Bridging Symbolic Knowledge and Neural Text Generation: Ontology-Driven Conversational Control of LLMs
Abstract
This work investigates ontology-driven control of LLM-based conversational agents. Key conversational properties are defined in an ontology, complemented by a rule-based strategy specifying when agent utterances must satisfy predefined constraints. An initial LLM–ontology hybrid architecture enabled systematic control of English CEFR levels [1] through a simple strategy [2]. Since then, characteristics other than language level alone have been represented in the ontology, now covering three aspects of control. This allows us to test different fine-tuning scenarios by controlling a single aspect at a time (single-aspect) or several aspects (multi-aspect). To achieve conversational control that has a greater impact on LLM generation, I explored fine-tuning procedures based on reinforcement learning, typically using the GRPO algorithm [3]. The latter has significantly improved results in single-aspect controlled generation, while multi-aspect generation control appears to be a much more demanding task. This ontology-driven conversational control has been implemented in a conversational agent for the experimental use case of job interview practise. As part of my visit to DPKM, I am extending this framework to a complex real-world application: the development of a conversational agent to support ontology engineering.

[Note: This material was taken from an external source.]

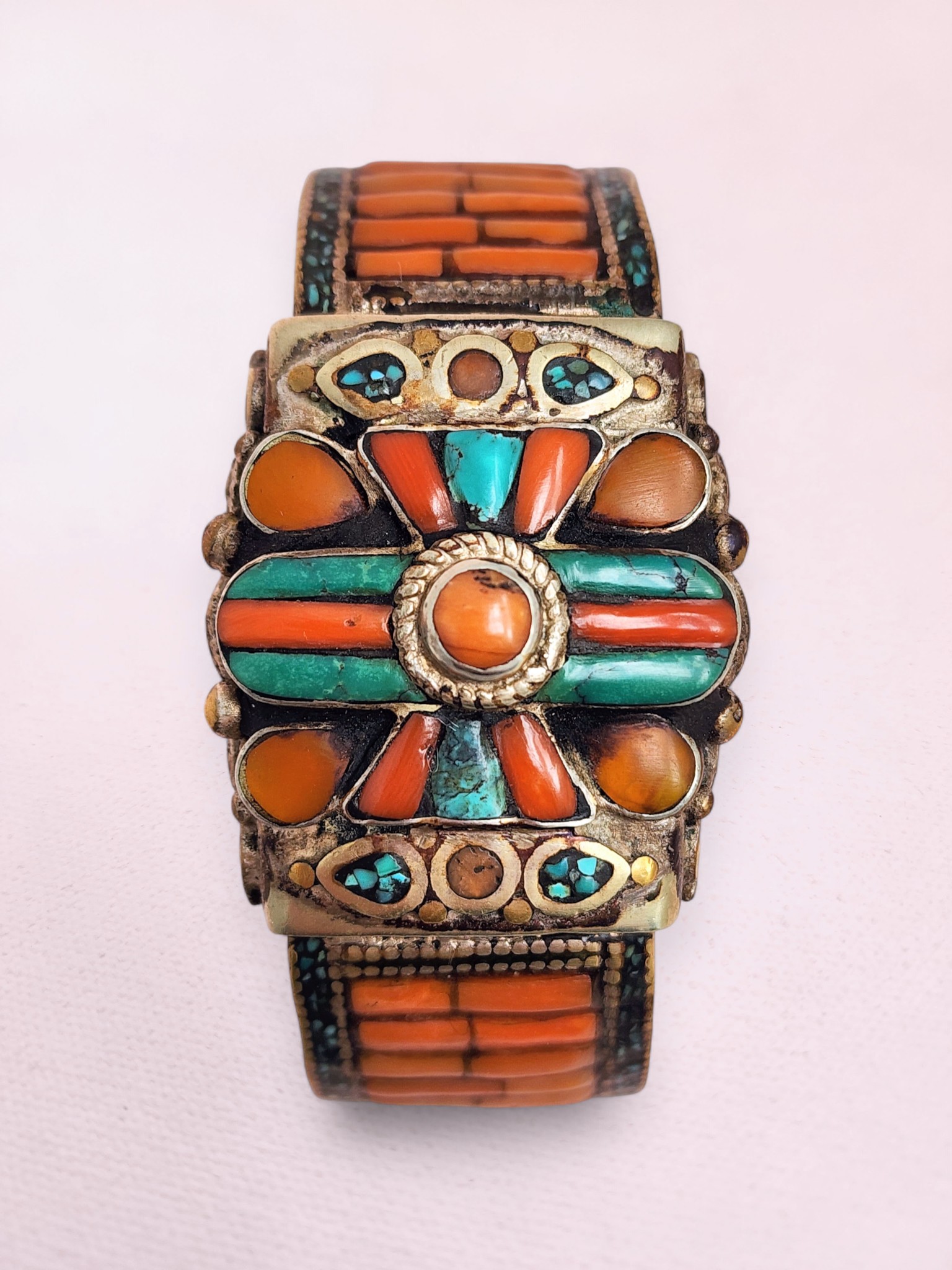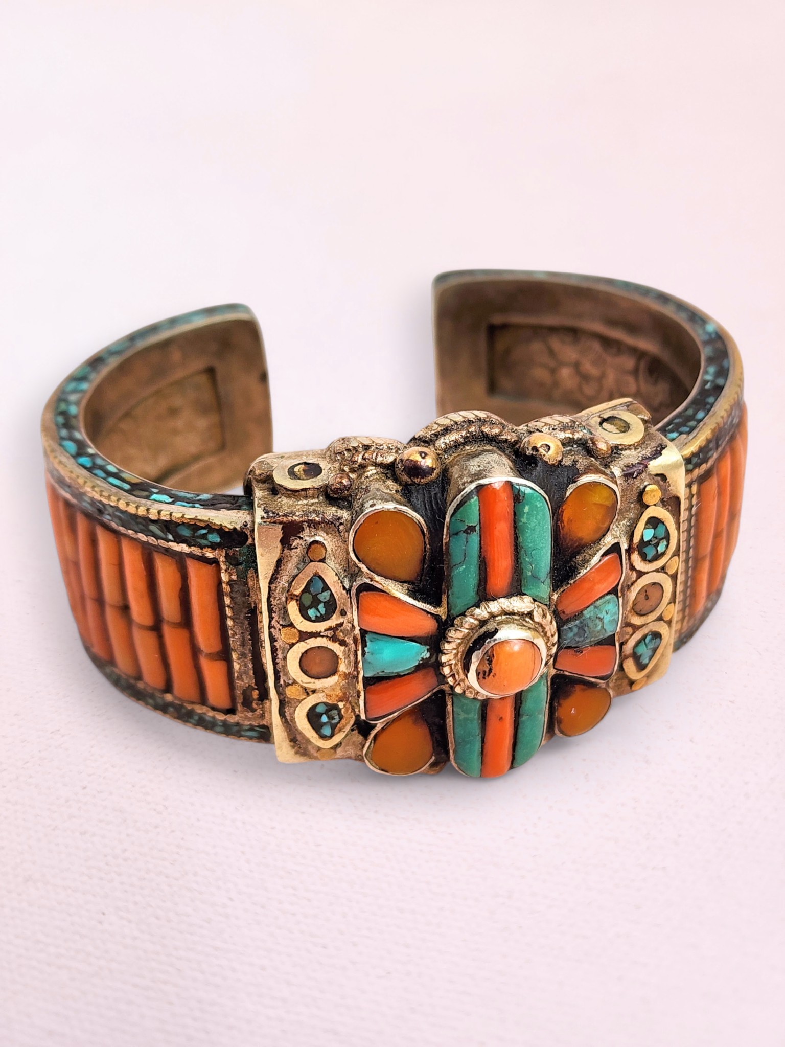 This authentic vintage Tibetan bracelet is a striking piece of Himalayan artisan jewelry, handcrafted from a blend of sterling silver and brass and adorned with vibrant orange-red coral, turquoise, and amber inlays. The bracelet’s bold, symmetrical centerpiece features intricate floral and geometric designs that reflect the rich spiritual and cultural symbolism of Tibetan craftsmanship.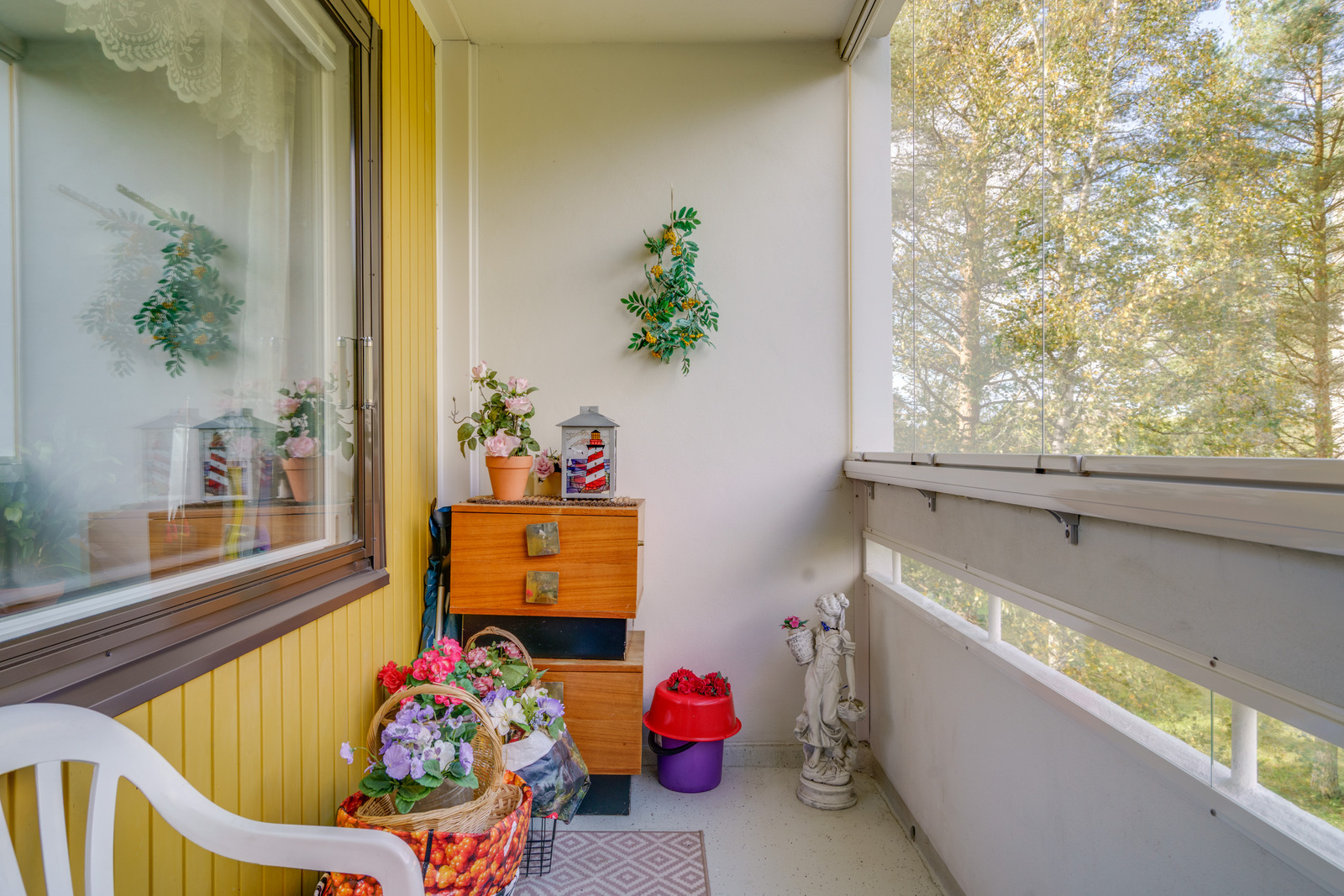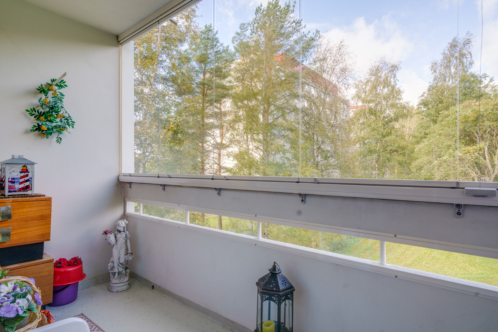 59 m² huoneisto tarjoaa avaran pohjaratkaisun, jossa tilavat huoneet ja lasitettu parveke puiston suuntaan luovat viihtyisän ja rauhallisen tunnelman. Kylpyhuone on remontoitu vuonna 2015, ja se vastaa nykyajan vaatimuksia.

This involves regulating both the factual content and the stylistic dimensions of the interaction, thereby providing a substantial extension of the current control setup.
References
[1] Council of Europe. Common European Framework of Reference for Languages (CEFR) – Level Descriptions.
[2] Barbara Gendron, Gaël Guibon, Mathieu d’Aquin. Towards Ontology-Based Descriptions of Conversations with Qualitatively-Defined Concepts. TOTh International Conference, 2025.
[3] Shao, Z., Wang, P., Zhu, Q., Xu, R., Song, J., Bi, X., Zhang, H., Zhang, M., Li, Y.K., Wu, Y., Guo, D. (2024). Deepseekmath: Pushing the limits of mathematical reasoning in open language models.